* EXERCISE AIM
Transcribe exactly the lines from the top of the records below through the line that holds "1峰は西穂高岳の山頂をさす。", both included, with no pictures.

* DATA RECORDS
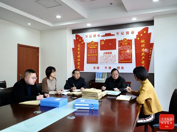 淮安市淮安区纪委监委工作人员讨论医保基金领域重点问题线索。张运 摄
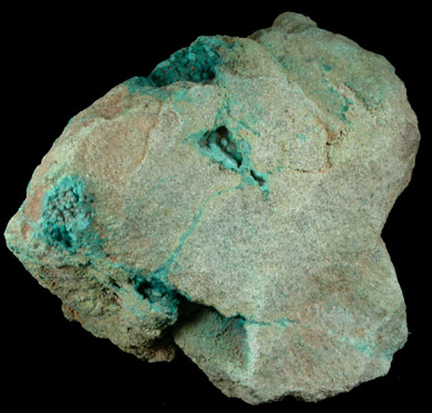 | Description: | Botryoidal blue-green pseudomalachite in small cavities in sandstone matrix. Looks beautiful under magnification. Pseudomalachite is highly sought after from this old mine founded ca. 1715 - the first significant mine in the U.S. Collected in the 1950s by Leonard Miller |
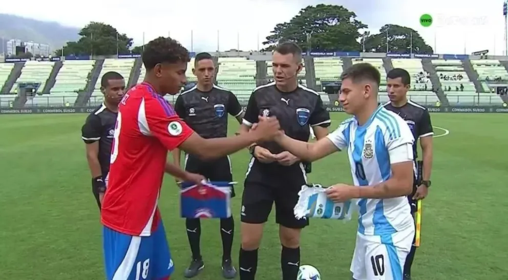 Bajo la conducción táctica del entrenador Diego Placente, la "Albiceleste" demostró superioridad desde el inicio del partido. Fue Ian Subiabre quien abrió el marcador a los 35 minutos tras una incisiva jugada de Claudio Echeverri. Echeverri, conocido por sus destrezas técnicas, avanzó por el sector izquierdo para luego asistir a Subiabre, quien remató con precisión al palo cruzado, dejando sin opción al arquero chileno Ignacio Sáez.
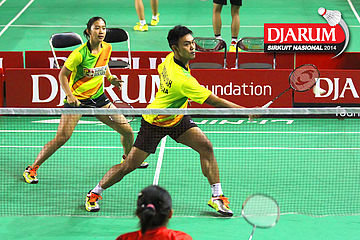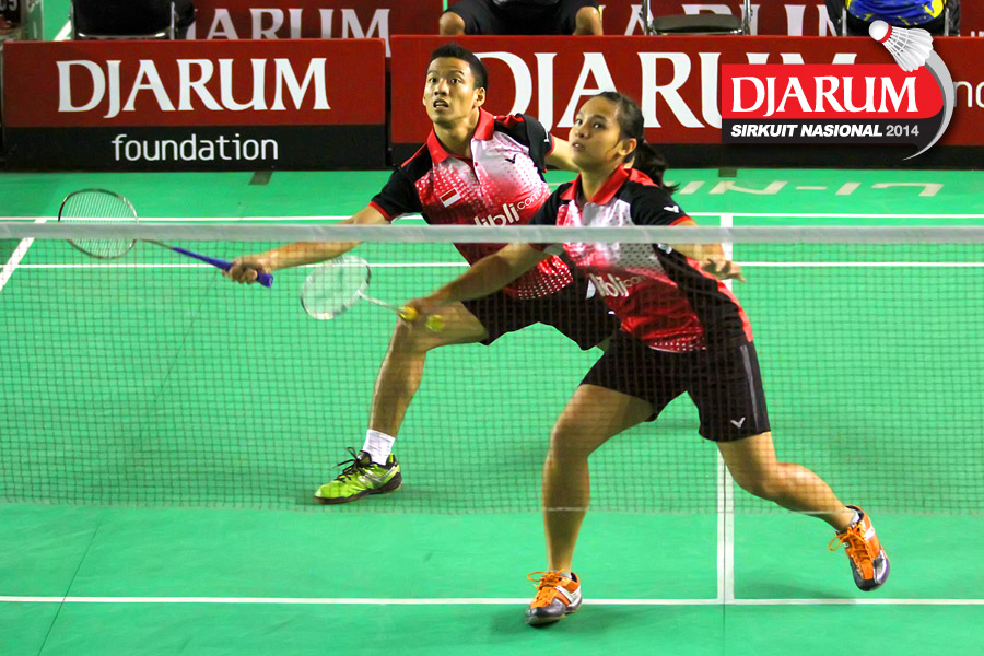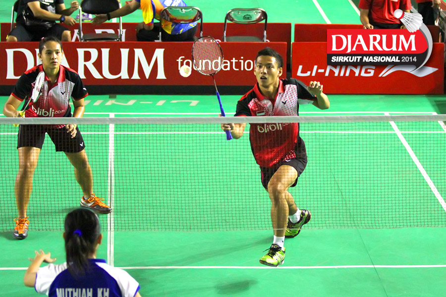 Fran Kurniawan/Komala Dewi (PB Djarum) berhasil menghadang serangan yang dilepaskan Arya Maulana/Maretha Dea (Pelatnas)
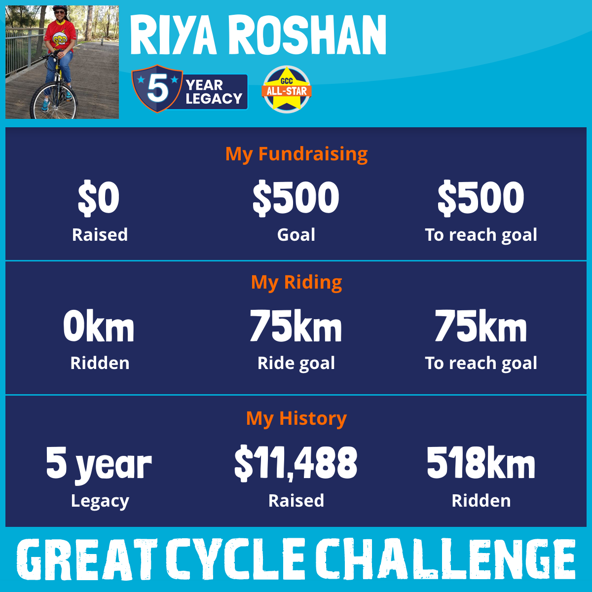 And so I am riding and raising funds to support the Children's Medical Research Institute to continue their work into the prevention, diagnosis, treatment and finding a cure for childhood cancer.
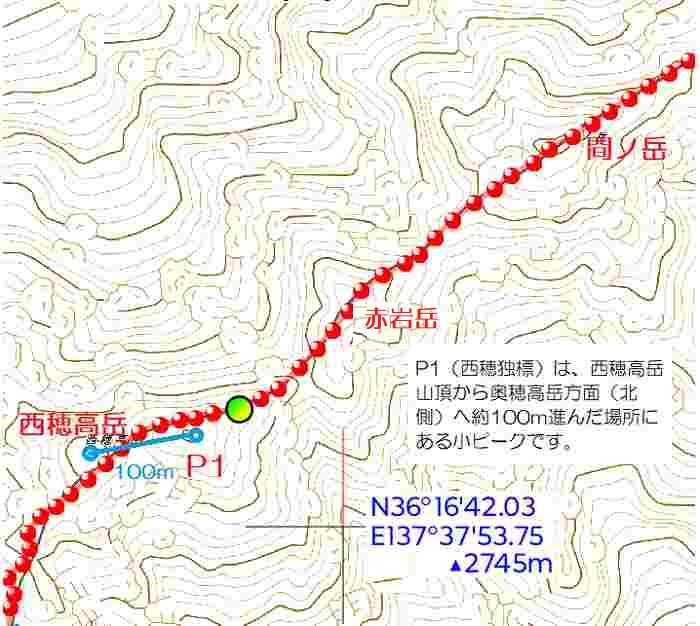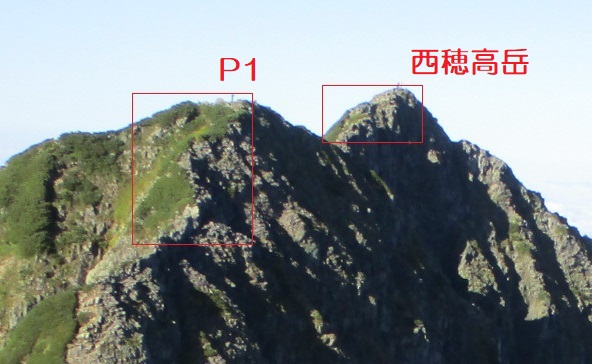 1峰は西穂高岳の山頂をさす。そして間ノ岳のほうへ少し進んだところ(水平距離100m)にある小ピークがP1。
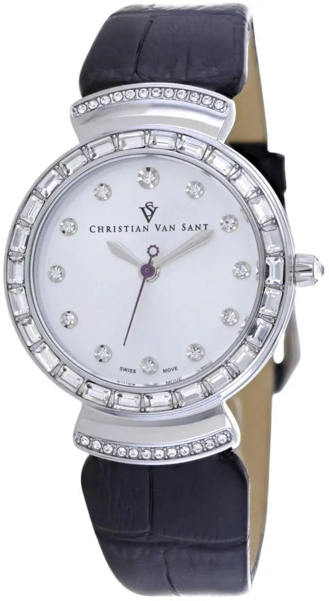 Stainless steel case, Leather strap, Silver dial, Quartz movement, Scratch resistant mineral, Water resistant up to 3 ATM - 30 meters - 100 feet
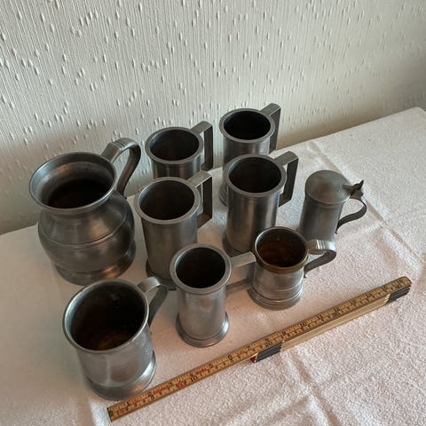 Lysestaker, skåler, bokser, kopp, fat i tinn selges samlet.

* RESPONSE TO THE EXERCISE
 淮安市淮安区纪委监委工作人员讨论医保基金领域重点问题线索。张运 摄
 | Description: | Botryoidal blue-green pseudomalachite in small cavities in sandstone matrix. Looks beautiful under magnification. Pseudomalachite is highly sought after from this old mine founded ca. 1715 - the first significant mine in the U.S. Collected in the 1950s by Leonard Miller |
 Bajo la conducción táctica del entrenador Diego Placente, la "Albiceleste" demostró superioridad desde el inicio del partido. Fue Ian Subiabre quien abrió el marcador a los 35 minutos tras una incisiva jugada de Claudio Echeverri. Echeverri, conocido por sus destrezas técnicas, avanzó por el sector izquierdo para luego asistir a Subiabre, quien remató con precisión al palo cruzado, dejando sin opción al arquero chileno Ignacio Sáez.
 Fran Kurniawan/Komala Dewi (PB Djarum) berhasil menghadang serangan yang dilepaskan Arya Maulana/Maretha Dea (Pelatnas)
 And so I am riding and raising funds to support the Children's Medical Research Institute to continue their work into the prevention, diagnosis, treatment and finding a cure for childhood cancer.
 1峰は西穂高岳の山頂をさす。そして間ノ岳のほうへ少し進んだところ(水平距離100m)にある小ピークがP1。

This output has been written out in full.